Hace 85 años nació AD un 13 de septiembre de 1941

La AD de 2026 el chavismo, el desgaste de sus figuras y los propios errores de muchos de sus "compañeritos" ha logrado reducirla a "una mínima expresión" que asemeja a la "pelea entre dos borrachitos por una botella vacía".

por Nilson Ramirez

Ochenta y cinco años no es un día. Hay que verle la cara a 85 años. Y eso es, precisamente, la cantidad de años de existencia que está cumpliendo este domingo, el partido Acción Democrática (AD), nacido un 13 de septiembre de 1941.

Son ocho décadas de existencia, por lo que la historia de Acción Democrática, incluido el protagonismo que para bien o para mal ha tenido en la historia contemporánea del país.

Sus pioneros y promotores, pese a ser muchos de ellos bastante jóvenes en ese momento, eran al mismo tiempo, dirigentes curtidos, porque ya venían de sufrir prisión, persecuciones y torturas de parte de los gobiernos de Juan Vicente Gómez y de Eleazar López Contreras.

Hay que señalar también que unos cuantos de ellos, incluido su máximo líder, Rómulo Betancourt, provenía del Partido Comunista de Venezuela (PCV) y defendían la doctrina marxista. Justamente –algo que mucha gente no sabe–, es que de allí viene el identificar a los militantes de ese partido como “adecos”, un término que, inicialmente, pretendió ser «despectivo o estigmatizante», pero que, irónicamente, al final, concluyó siendo asumido hasta por los mismos adecos.

Esa palabra es una conjunción –o contracción- de los términos “adeísta” y “comunista”, es decir, al término “ade…”, le agregaron el de “comunista”. Así, en un principio, la denominación que se acuñó fue la de “adecomunista”, pero, con el correr del tiempo, la tendencia del venezolano a abreviar las palabras la fue recortando a “adeco” y así quedó y entró a la historia política del país.

En sus primeros años de existencia, los rivales políticos de la tolda blanca trataron de mostrarlos ante la opinión pública de «comunistas disfrazados de demócratas».

Es bueno recordar que para esa época y aún durante mucho tiempo en Venezuela, el profesar y practicar la doctrina comunista era algo así como “caca” y lo era muy especialmente en el ámbito religioso, por aquello de que los comunistas supuestamente “niegan a Dios”, y de que los comunistas supuestamente “comen carne humana”.

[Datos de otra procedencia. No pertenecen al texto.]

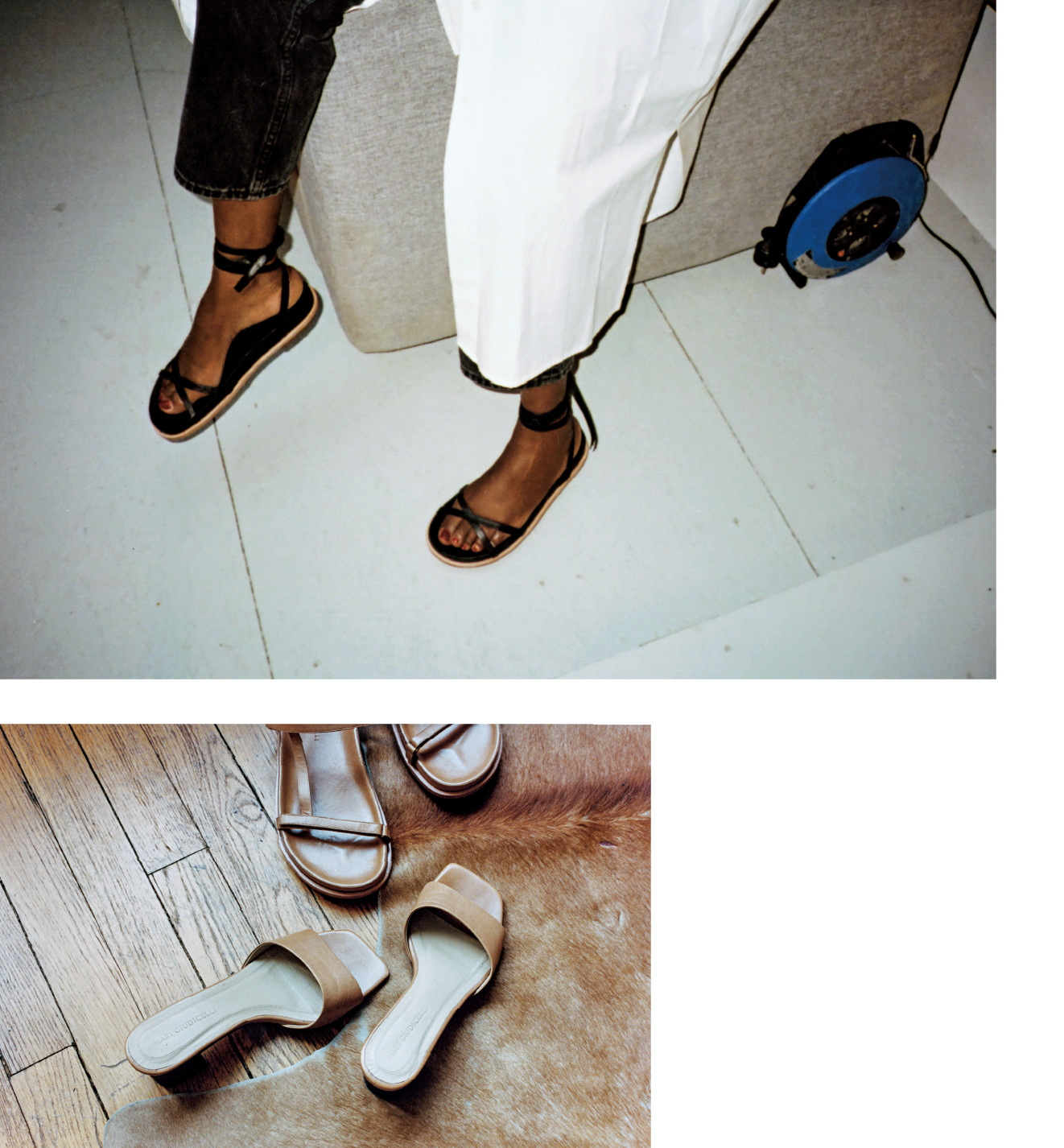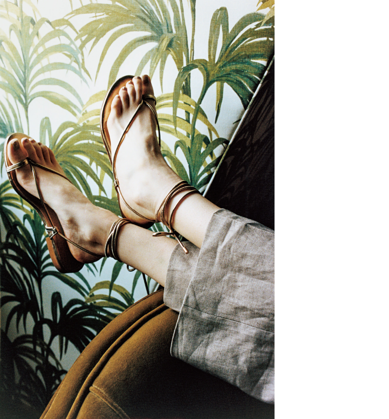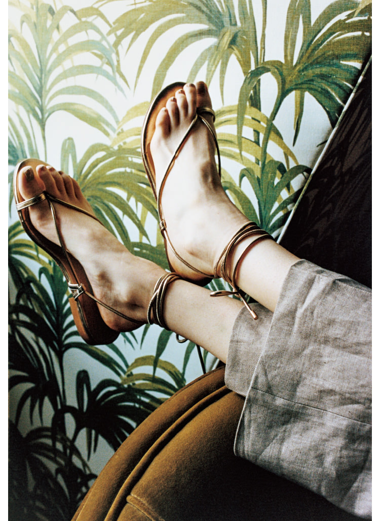 昨年のバカンスで初めて訪れた、ニューカレドニアの小さな離島を思い出している。世界でベスト10に入る美しい白砂を持つビーチで飽くことなく、このサンダルを履いた足を砂に埋めたこと。地球と身体が一体化するような、少し怖いほどの不思議な感覚の中で、こちら側へつなぎ止めてくれたのが、足首にくるくると巻き付けたストラップだったのだと。
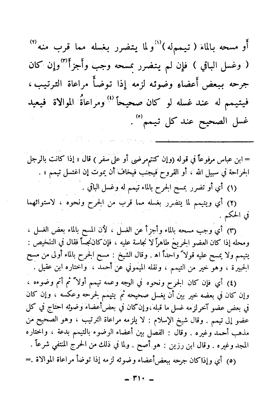 (¬4) أي فإن كان الجرح ونحوه في الوجه وعمه تيمم أولا ثم أتم وضوءه وإن كان في بعضه خير بين أن يغسل صحيحه ثم يتيمم لجرحه وعكسه، وإن كان في بعض عضو آخر لزمه غسل ما قبله، وإن كان في بعض أعضاء وضوئه احتاج في كل عضو إلى تيمم، وقال شيخ الإسلام لا يلزمه مراعاة الترتيب، وهو الصحيح من مذهب أحمد وغيره، وقال: الفصل بين أعضاء الوضوء بالتيمم بدعة، واختاره المجد وغيره، وقال ابن رزين: هو أصح، ولما في ذلك من الحرج المنتفي شرعا.
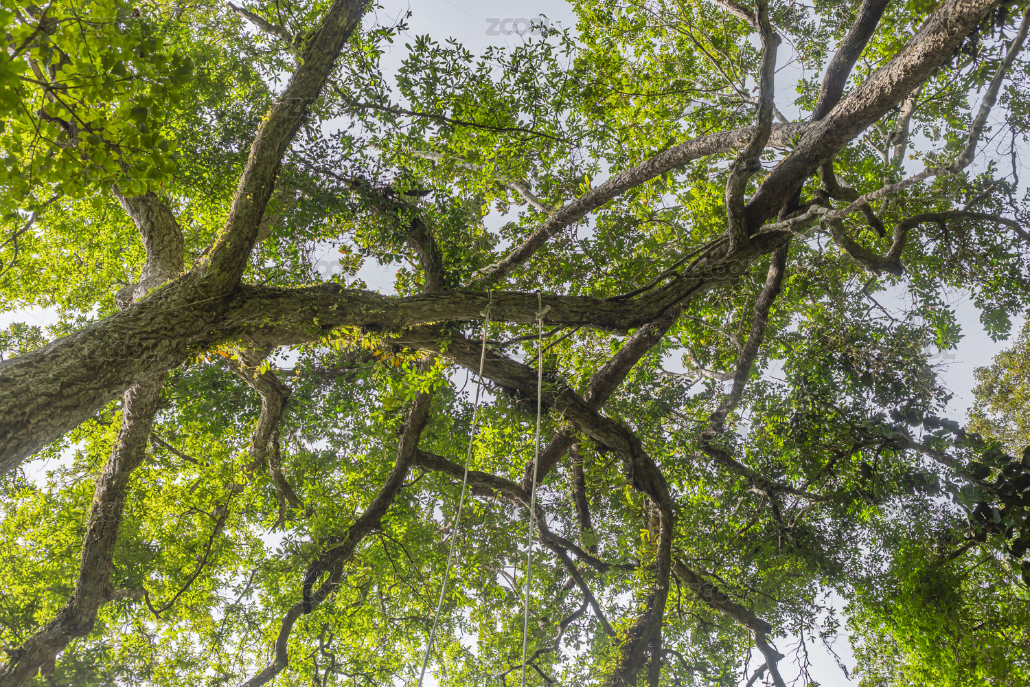 阳光下仰拍樟树弯曲枝条繁茂绿叶

En todo caso, el acceso de AD a la vida legal tuvo lugar apenas siete meses después de haber asumido como presidente de la República, el general Isaías Medina Angarita, quien, por cierto, siendo militar, gobernó en un marco de amplias libertades democráticas y, muy especialmente, respetando siempre la libertad de expresión, de reunión y de pensamiento.

Momento de inflexión

Lo que tal vez fue el momento de mayor inflexión en la historia de AD tuvo lugar el 18 de Octubre de 1.945, cuando ese partido se alió con un sector militar del país para derrocar al gobierno del presidente Isaías Medina Angarita, que fue quien había legalizado a AD en 1941.

A partir de ese momento AD, que ya había experimentado cierto crecimiento durante su oposición a Medina Angarita, extendió su presencia a todos los rincones del país.

En honor a la verdad, hay que señalar que, si bien AD tuvo muchos aciertos en las oportunidades en que le correspondió conducir al país, también cometió numerosos errores y desaciertos, todo lo cual se ligó con unos cuantos casos de corrupción, algunos de ellos bastante escandalosos que no fueron «castigados» ejemplarmente.

Todo eso fue, poco a poco, con el paso de los años minando la credibilidad y la confianza de los venezolanos en la organización política fundada bajo el lema del «Pan, Tierra y Trabajo».

Época de esplendor

En la época de mayor esplendor, AD llegó a conquistar en una misma elección, sóla y sin ninguna alianza, más de la mitad de los senadores y más de la mitad de los diputados del desaparecido Congreso de la República, que el chavismo cambió de nombre a Asamblea Nacional.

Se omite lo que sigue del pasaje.